◆ TASK DIRECTIONS ◆
Of all the lines below, return only those starting with the line holding "Μοντέρνο τζιν για" and going on through the line holding "A Secretaria de", exactly as written.

◆ GIVEN RECORDS ◆
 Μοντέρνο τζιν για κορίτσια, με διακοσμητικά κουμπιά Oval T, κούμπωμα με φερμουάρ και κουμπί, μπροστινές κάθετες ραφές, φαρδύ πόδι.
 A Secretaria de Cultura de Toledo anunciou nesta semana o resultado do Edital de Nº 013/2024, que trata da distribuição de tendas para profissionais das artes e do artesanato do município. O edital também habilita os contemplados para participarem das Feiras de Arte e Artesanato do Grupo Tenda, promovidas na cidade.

...

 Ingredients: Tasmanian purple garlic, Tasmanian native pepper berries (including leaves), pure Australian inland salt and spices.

◆ TASK OUTPUT ◆
 Μοντέρνο τζιν για κορίτσια, με διακοσμητικά κουμπιά Oval T, κούμπωμα με φερμουάρ και κουμπί, μπροστινές κάθετες ραφές, φαρδύ πόδι.
 A Secretaria de Cultura de Toledo anunciou nesta semana o resultado do Edital de Nº 013/2024, que trata da distribuição de tendas para profissionais das artes e do artesanato do município. O edital também habilita os contemplados para participarem das Feiras de Arte e Artesanato do Grupo Tenda, promovidas na cidade.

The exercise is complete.